DIRECTIONS:
In your copy, leave out the pictures and reproduce the listing below exactly.

THE DATA:
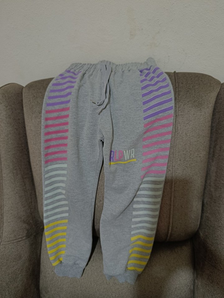 Rahat kesim gri eşofman altı, renkli çizgili detaylar ve fermuarlı ceplerle, yumuşak kumaştan, spor ve günlük kullanım için uygun. ♀️
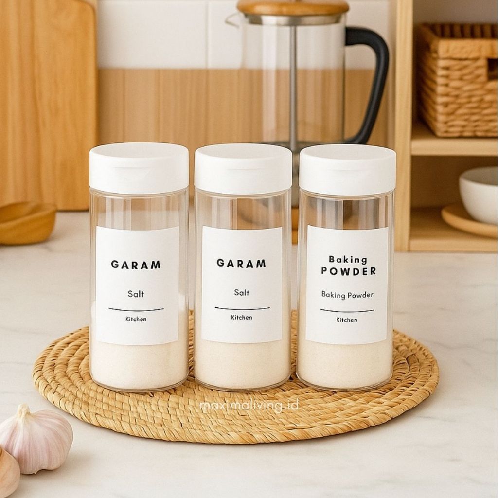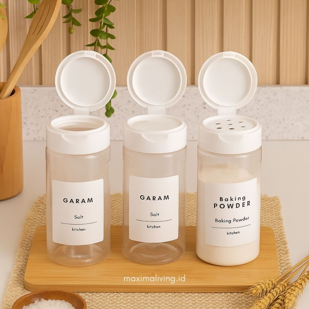 Decoliving Toples Bumbu Dapur 140ml Aesthetic – Tabur Lubang Besar & Lubang Kecil (Free Label Anti Air)
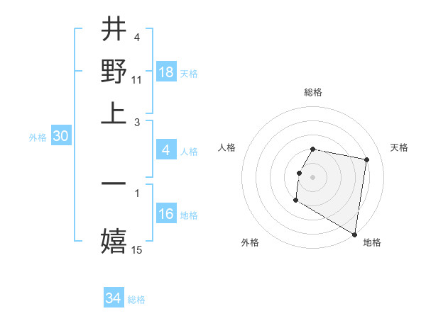 井野上 一嬉さんを姓名の画数から五運を鑑定
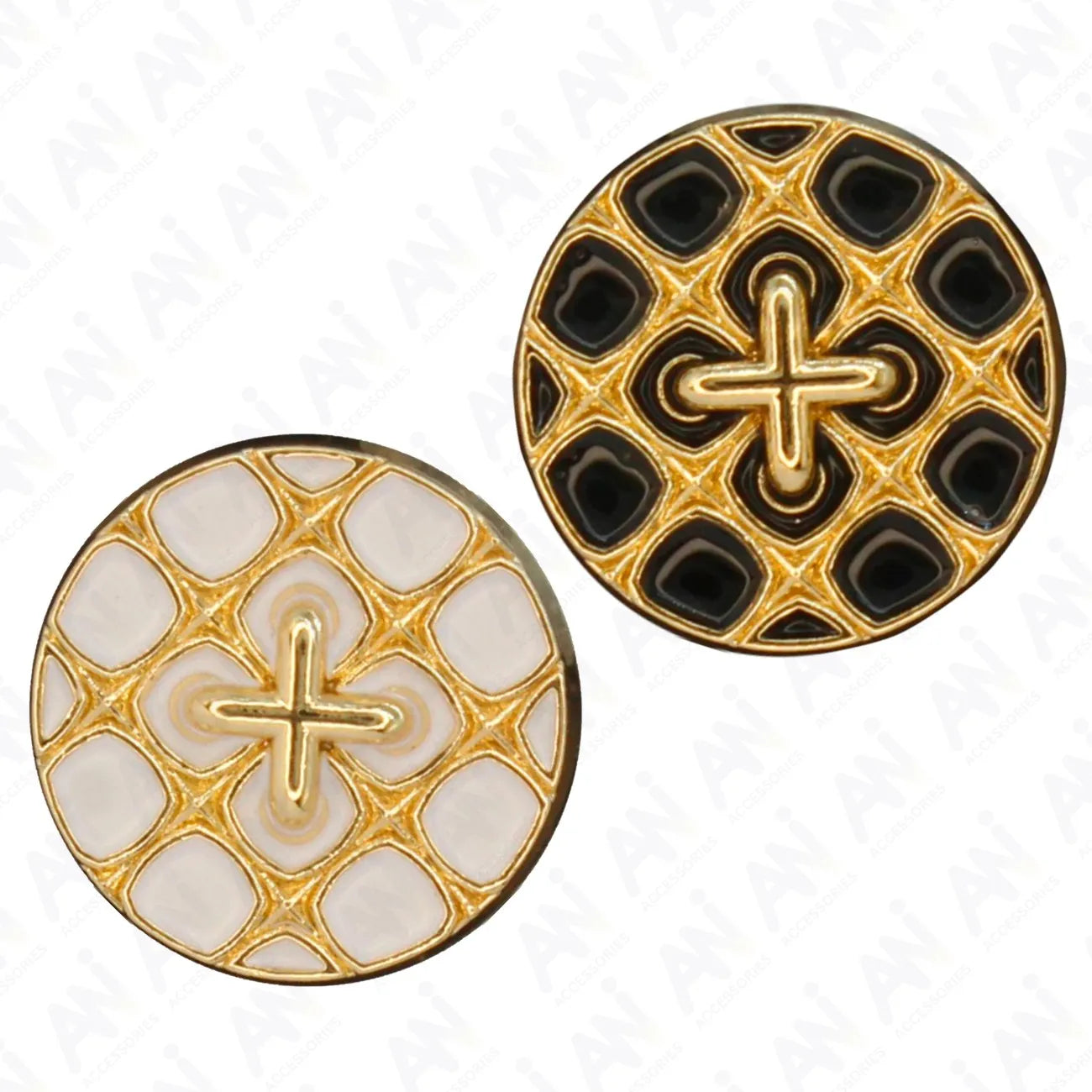 Enhance your garments with Monochrome Cross Design Metal Buttons, perfect for adding a premium, eye-catching look. These buttons are both stylish and durable, and come in gold black & gold white color with an edge-to-edge design, crafted from premium, high-quality metal.

RESULT FOR THIS EXERCISE:
 Rahat kesim gri eşofman altı, renkli çizgili detaylar ve fermuarlı ceplerle, yumuşak kumaştan, spor ve günlük kullanım için uygun. ♀️
 Decoliving Toples Bumbu Dapur 140ml Aesthetic – Tabur Lubang Besar & Lubang Kecil (Free Label Anti Air)
 井野上 一嬉さんを姓名の画数から五運を鑑定
 Enhance your garments with Monochrome Cross Design Metal Buttons, perfect for adding a premium, eye-catching look. These buttons are both stylish and durable, and come in gold black & gold white color with an edge-to-edge design, crafted from premium, high-quality metal.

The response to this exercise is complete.